French psychologist (1940–2022)

Jean-Charles Terrassier (1940 – 1 January 2022) was a French psychologist. He specialized in childhood intellectual giftedness and founded the Association française dédiée aux enfants intellectuellement précoces (ANPEIP).

==Biography==
Terrassier attended secondary school in Cannes before earning a degree in psychology from Paris-Sorbonne University in 1967. Following his education, he worked as a clinical psychologist in Nice. He also worked for Mensa International in Paris before founding a local branch in Nice in 1968. In 1971, he founded the Association nationale pour les enfants surdoués (ANPES), dedicated to children who showed a high level of intelligence measured by psychometric tests. The Association changed its name in 1987 to the Association française dédiée aux enfants intellectuellement précoces (ANPEIP), which today has 25 regional branches and is headquartered in Nice. In 1977, he participated in the foundation of the World Council for Gifted and Talented Children in San Francisco and London.

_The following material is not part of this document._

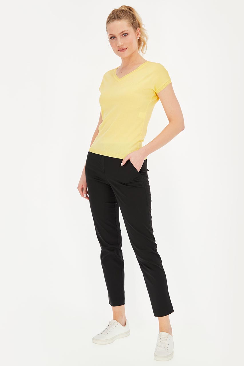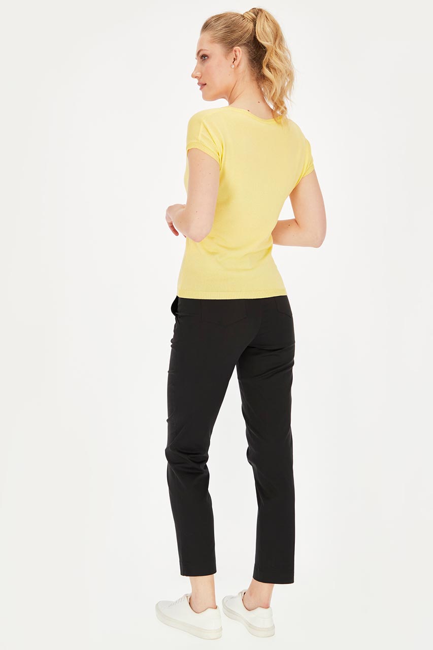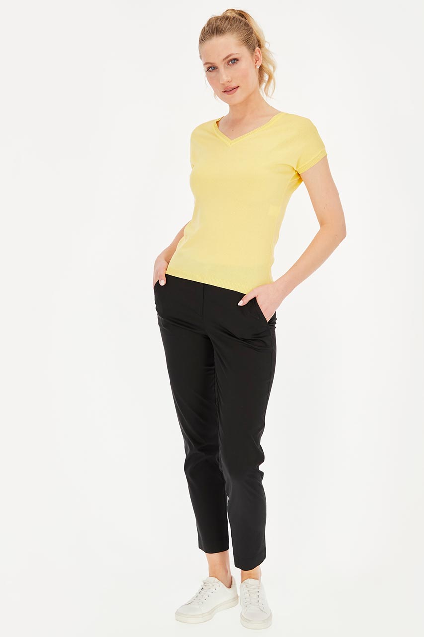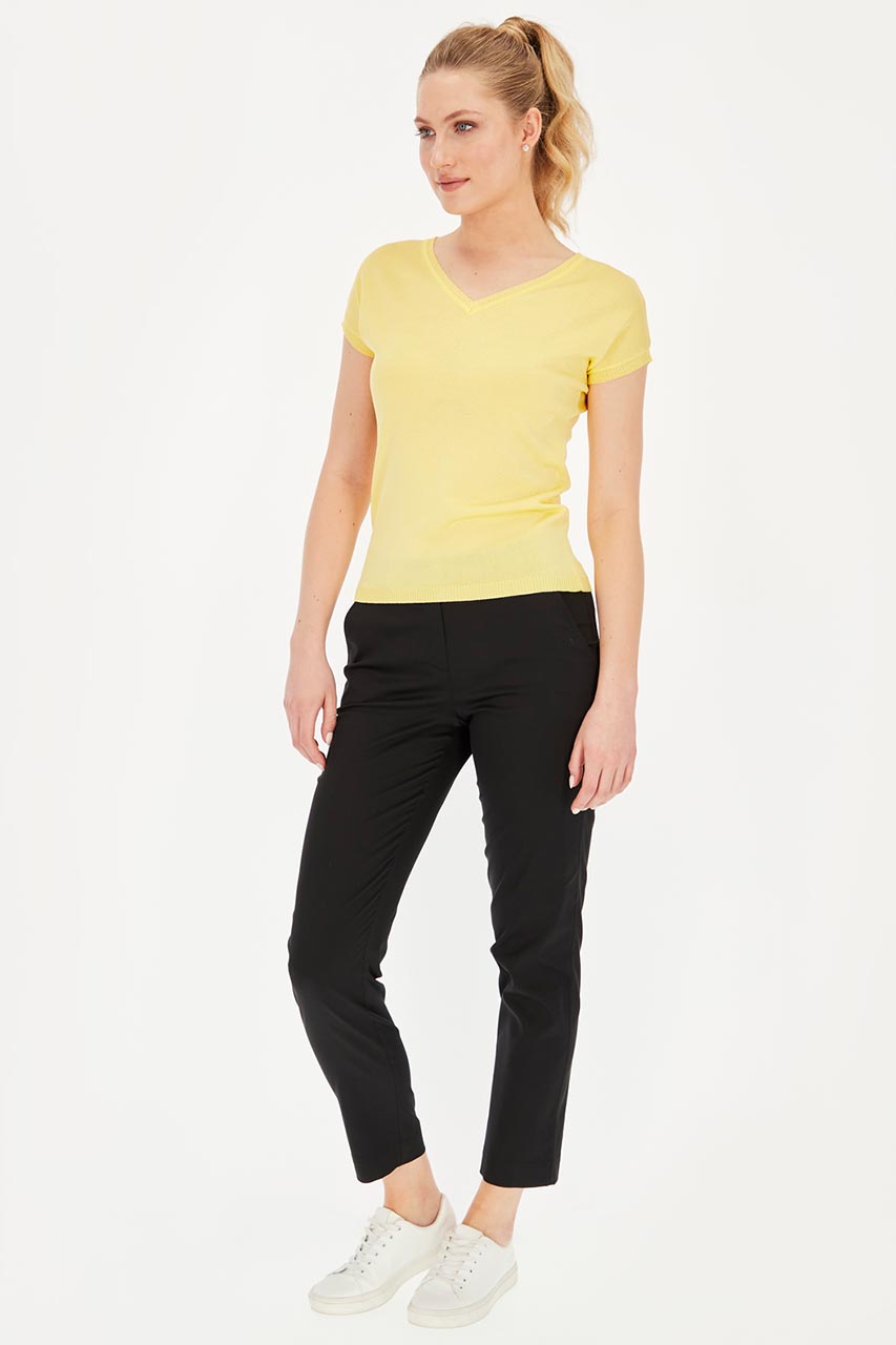 Żółta bluzka damska wykonana z przyjemnej dzianiny z rayonem. Rayon zaliczany jest do grupy tkanin oddychających, dzięki temu bluzka jest doskonałym wyborem na gorące dni, kiedy utrzymanie komfortu staje się naprawdę ważne. Co więcej, dzięki swojej strukturze rayon zapewnia niezwykle przyjemne wrażenie subtelnego chłodu. Oferowany model bez rękawów i z dekoltem v-neck. Bluzka świetnie spisze sie w rozmaitych wiosenno-letnich stylizacjach.

He was elected to its board of directors in 1981. He also co-founded EUROTALENT in Paris.

In 1978, Terrassier helped to organize the first International Congress for Gifted Children, hosted by the Centre universitaire méditerranéen and ANPEIP. In 1987, the Ministry of National Education organized the first classes for intellectually gifted children at the École publique Las Planas in Nice following several years of activism by Terrassier.

Terrassier died on 1 January 2022, at the age of 81.

==Publications==
- "Le syndrome de dyssynchronie" (1979)
- Dyssynchrony - uneven development in The psychology of gifted children (1985)
- "Le développement psychologique des enfants intellectuellement précoces" (1996)
- "Les enfants surdoués ou La précocité embarrassante" (2014)
- Guide pratique de l'enfant surdoué : Comment réussir en étant surdoué ? (2016)
- Les enfants surdoués ou la précocité embarrassante (2019)
- Les enfants surdoués - Comprendre la précocité pour bien la vivre (2020)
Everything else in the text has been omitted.